To adjust for any site or country variability, data were pooled for sites and countries by geographic region. Countries enrolling a small number of patients were pooled such that each pooled site contained at least 20 randomized patients and the largest pooled site was no more than three times larger than the smallest pooled site.
For the primary efficacy variable of change in seizure frequency per 28 days from baseline to the maintenance period, the inferential statistical analysis was based on analysis of covariance (ANCOVA) with terms for treatment group and pooled site, and was performed on log-transformed seizure frequency. Log-transformed average seizure frequency during the baseline period was used as the covariate. The seizure frequency between the active treatment groups and placebo was compared using least squares means.

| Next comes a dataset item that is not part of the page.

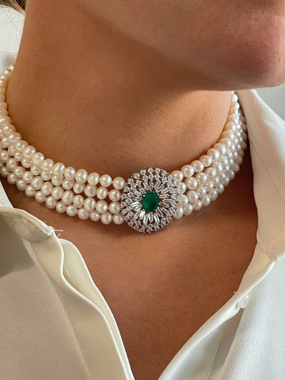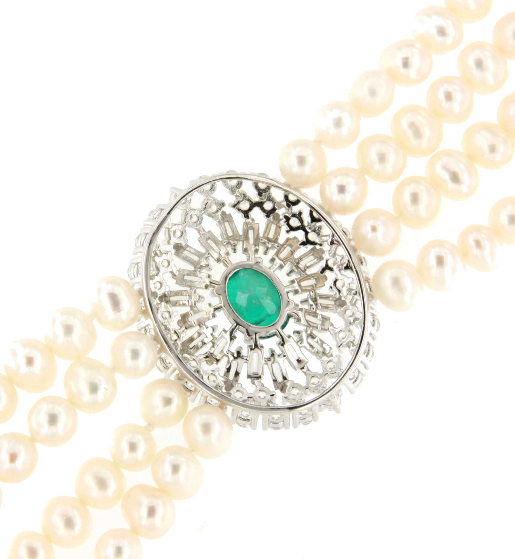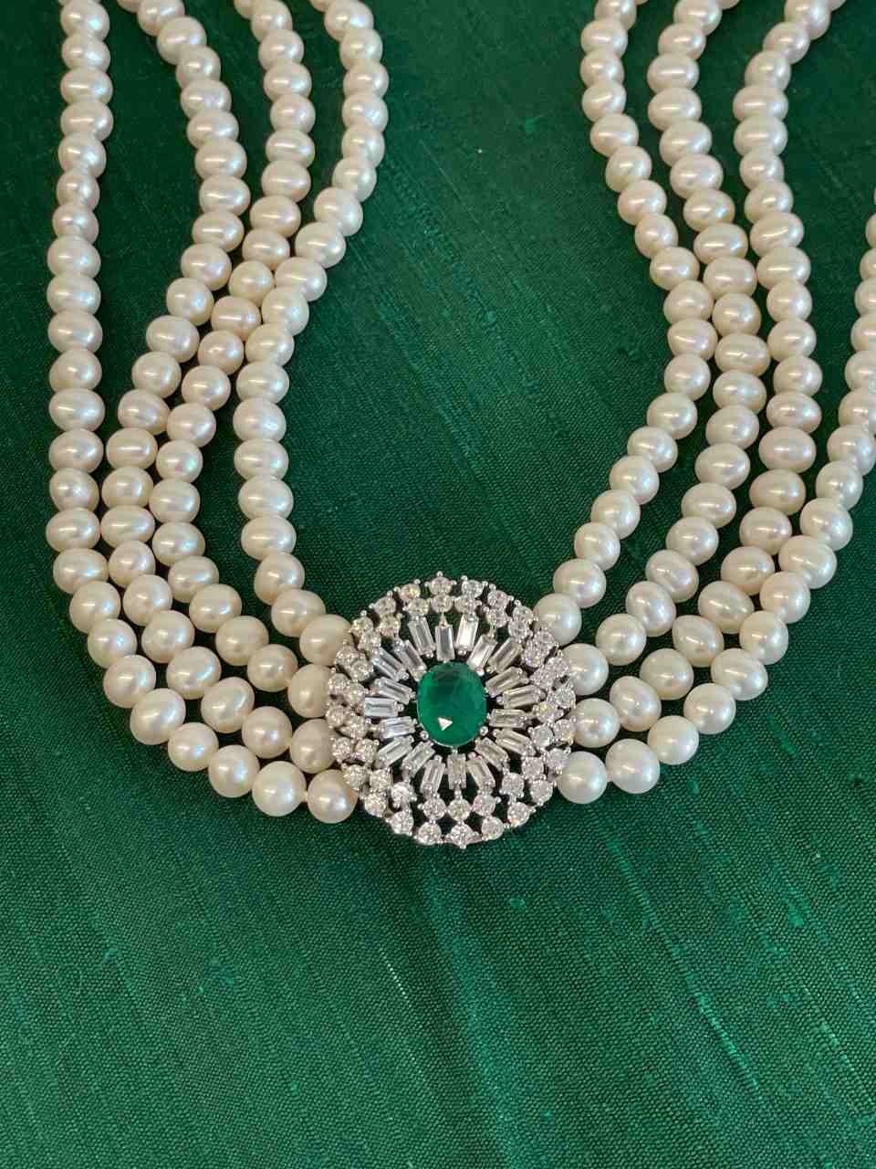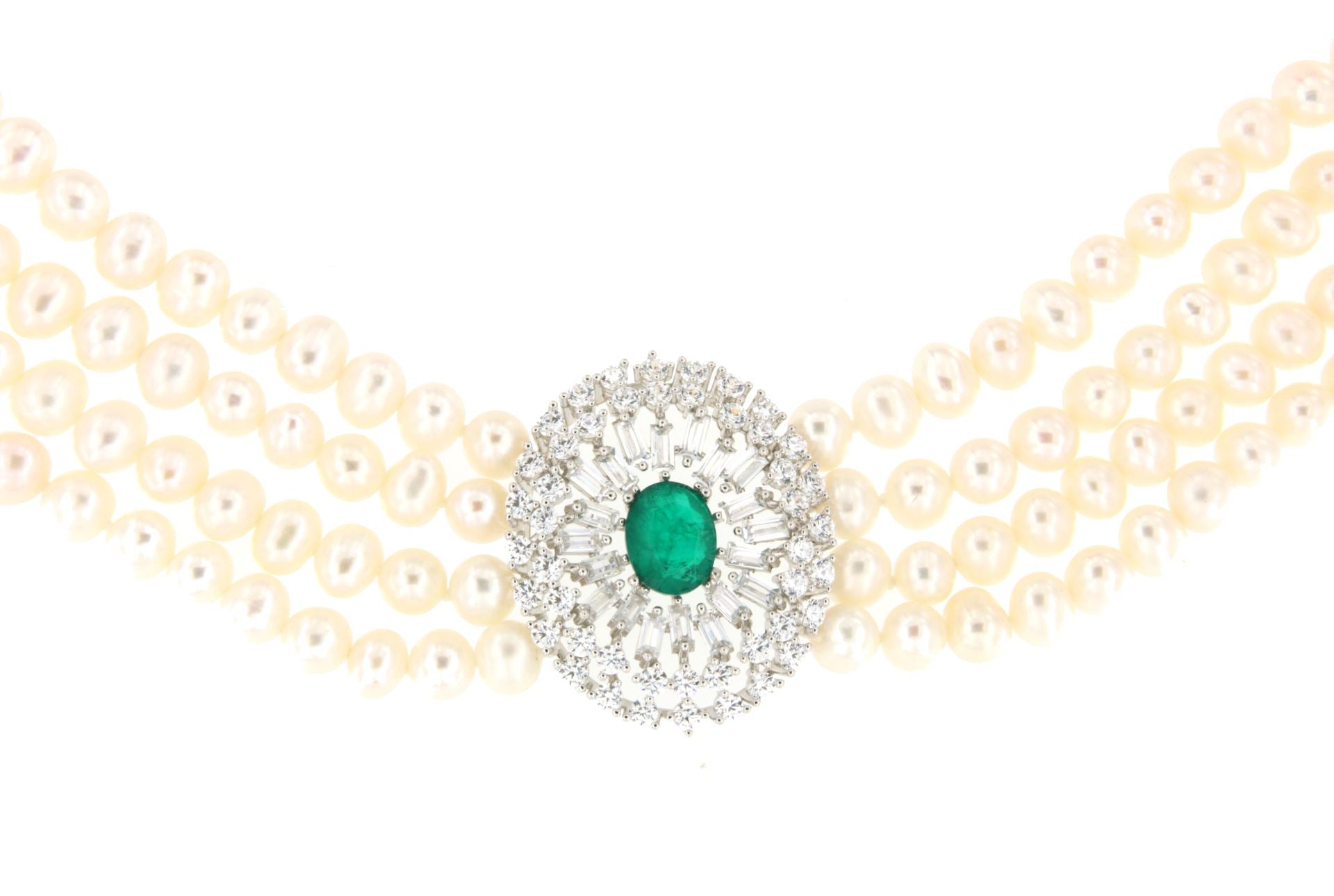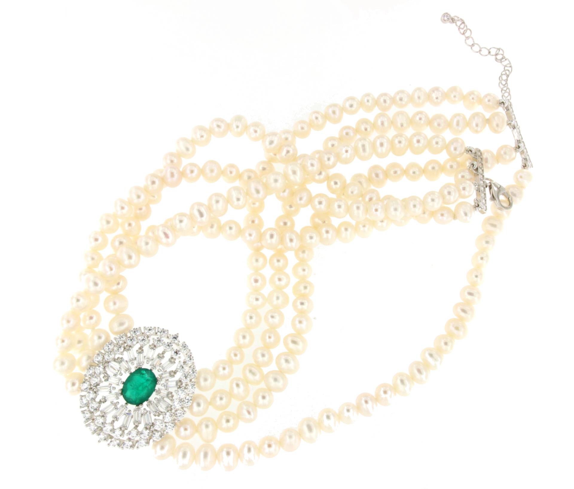 MAESTRIA is a necklace of Chinese freshwater pearls , with a very beautiful oriental design, with a 925 silver center and clasp with oval emerald-type quartz cubic zirconia.

The other primary efficacy variable was the percentage of patients with a seizure frequency reduction of at least 50% from baseline to the maintenance period (50% responder rate). The 50% responder rate between each active treatment and placebo was analyzed using a logistic regression model with treatment group and pooled site as factors.

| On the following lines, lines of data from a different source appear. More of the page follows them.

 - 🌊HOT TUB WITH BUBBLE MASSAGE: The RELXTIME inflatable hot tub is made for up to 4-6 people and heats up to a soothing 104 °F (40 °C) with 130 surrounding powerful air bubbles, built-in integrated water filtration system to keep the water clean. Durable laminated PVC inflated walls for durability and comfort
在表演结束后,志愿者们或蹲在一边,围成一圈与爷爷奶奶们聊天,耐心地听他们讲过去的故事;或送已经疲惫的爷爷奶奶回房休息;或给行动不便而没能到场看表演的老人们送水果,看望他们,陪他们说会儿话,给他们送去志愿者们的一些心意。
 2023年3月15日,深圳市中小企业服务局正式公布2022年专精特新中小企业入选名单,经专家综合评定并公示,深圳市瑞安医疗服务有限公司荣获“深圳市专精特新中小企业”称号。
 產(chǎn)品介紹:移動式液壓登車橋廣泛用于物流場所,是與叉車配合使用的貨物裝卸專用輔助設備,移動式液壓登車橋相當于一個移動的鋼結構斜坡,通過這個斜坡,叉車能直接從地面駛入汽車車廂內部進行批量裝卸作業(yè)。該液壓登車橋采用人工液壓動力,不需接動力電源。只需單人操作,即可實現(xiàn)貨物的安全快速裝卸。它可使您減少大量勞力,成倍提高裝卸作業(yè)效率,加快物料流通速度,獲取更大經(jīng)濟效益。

In the case of patients who discontinued during the titration period, efficacy data were carried forward from the titration period for inclusion in the maintenance period analyses. For patients who discontinued during the maintenance period, seizure frequency was calculated using all available data in the maintenance period.
The testing procedure used for each primary efficacy endpoint was considered a closed testing procedure, and no adjustment of the significance level was necessary. Efficacy assessment was conducted on an ITT basis that included all randomized patients who had received at least one dose of trial medication and had at least one post-baseline efficacy assessment. Analysis was also undertaken in the per protocol population, which included all patients in the ITT group who had at least one efficacy assessment during the maintenance period and who did not have any major protocol violation.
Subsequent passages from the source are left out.